Prominent measures of houseprices have been falling for some time and the declines have accel-erated recently, at least on a national basis. The price declines have boosted standard measures of housing affordability and have caught the attention of consumers, provoking increases in traffic of prospective buyers—the normal prelude to a pickup in home sales.
House prices are bound to remain under downward pressure for some time, considering the record level of vacant housing units already on the for-sale market as well as the large and growing numbers of foreclosed homes coming onto the markets. Some analysts argue that these pressures should be allowed to play out, generating a quick and decisive market-clearing decline in house prices that will boost sales and bring housing supply and demand back into balance in short order. But that’s an extremely high-risk path of adjustment. Public policy should take housing on an alternative path that will restore balance in an orderly fashion while minimizing further damage to the U.S. economy and to financial markets.
A widespread and unfettered fall in house prices has not occurred in the U.S. since the 1930s, and it’s difficult to sketch out the range of consequences. But it’s likely that this path of adjustment would inflict heavy damage on the economy and financial markets without actually reviving home sales or rebalancing housing supply and demand in a timely fashion.
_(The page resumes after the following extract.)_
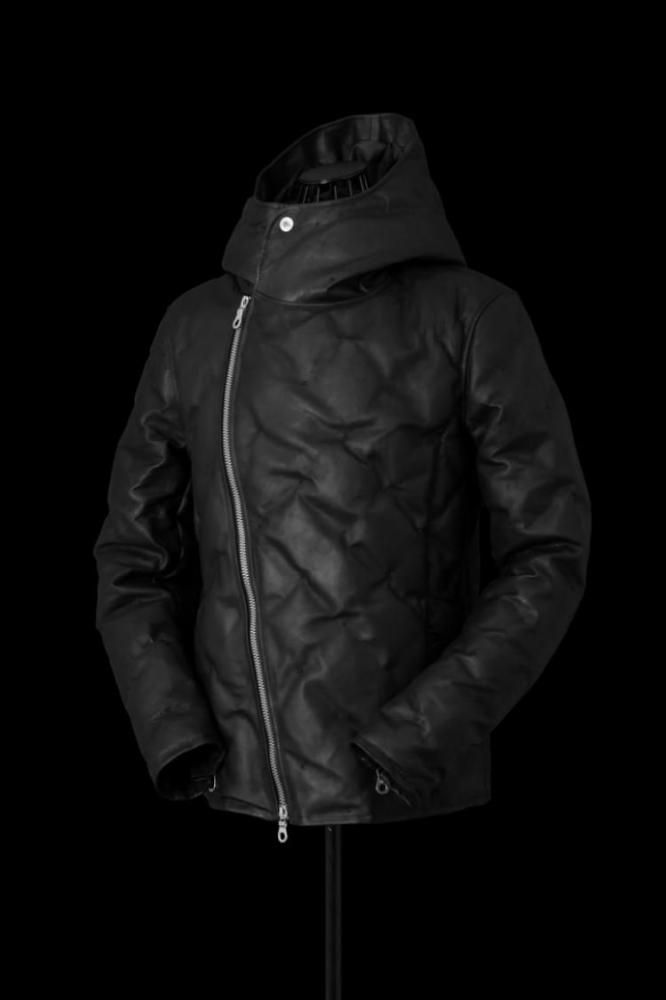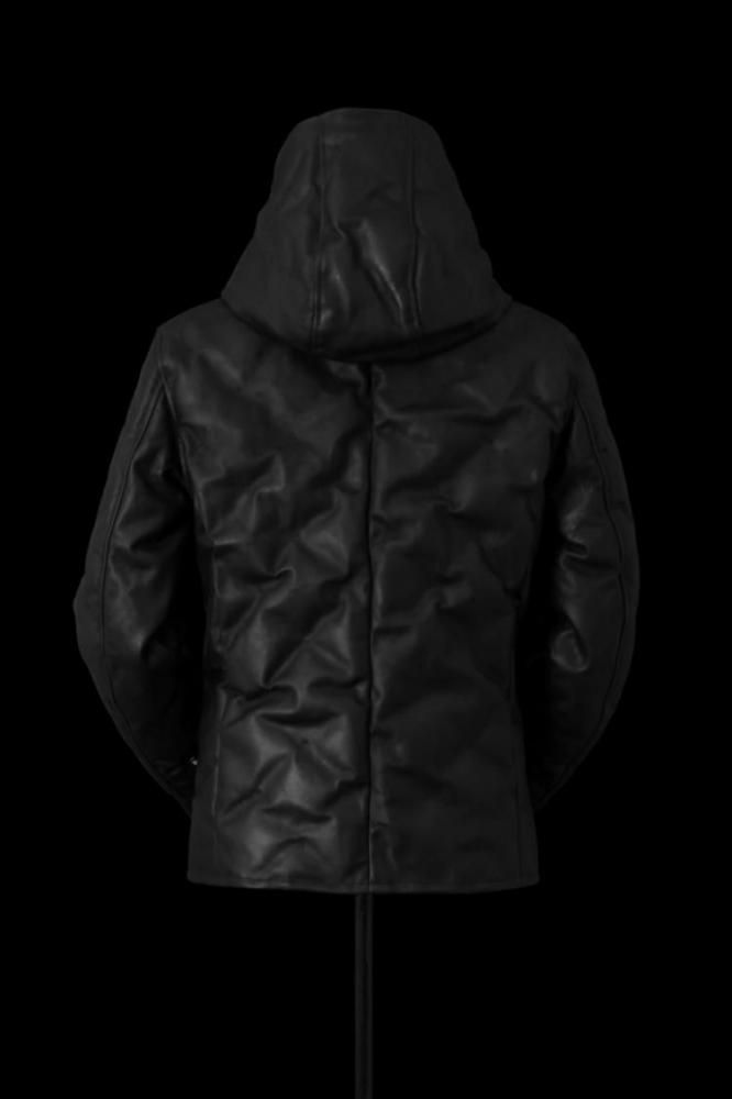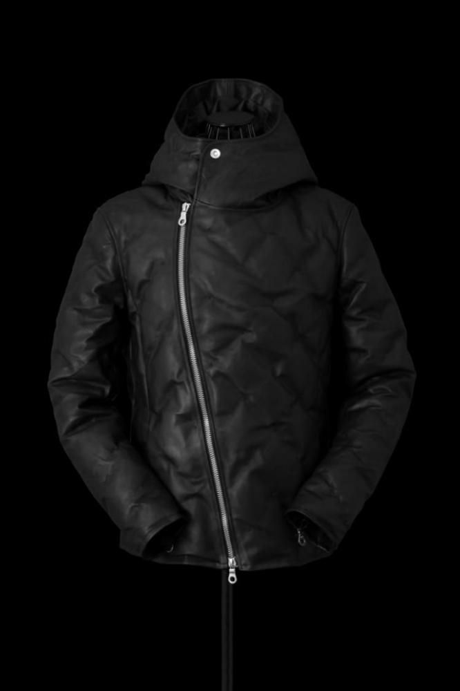 TANNED JAPAN CALF 0.8mm UNEVEN DYED STITCH “POLISH WHITE GOOSE DOWN” HOODED BLOUSON

For one thing, sharply falling house prices create expectations for further decline, causing many prospective buyers to retreat further into the bushes rather than pushing them into home purchases. Secondly, falling house prices take a heavy toll on the quality of mortgages that are secured by the existing stock of housing, a problem that’s already at crisis proportions. Declining quality means rising foreclosures, which add more homes to glutted housing markets and provoke tighter lending standards for households that might want to buy homes—effects that already are starkly evident in the markets.
Sharply falling house values also have serious spillover effects on the U.S. economy, including negative wealth effects on consumer spending. Even more important, declining prices can only intensify the dramatic flight to quality in national and global credit markets, a phenomenon that was triggered by the abrupt meltdown of the subprime mortgage market last year. Further retrenchment by the investment community will work against efforts by the Federal Reserve and foreign central banks to repair severely damaged credit systems, raising the prospects for national and global recession.
Public policy can help restore balance in housing markets without the dangers of rapid price declines. Temporary tax credits for buyers of new homes in inventory would quickly spur sales, reduce the inventory overhang, and provide support to home prices. Enhanced financing opportunities via the FHA, Fannie Mae, and Freddie Mac would be appropriate complementary policy initiatives, assuring affordable financing for buyers using tax credits as well as for other prospective home buyers.
This government-guided path of adjustment relies partly on the inevitable growth of population and households, as well as on household income growth, to restore affordability and bring housing supply and demand back into balance.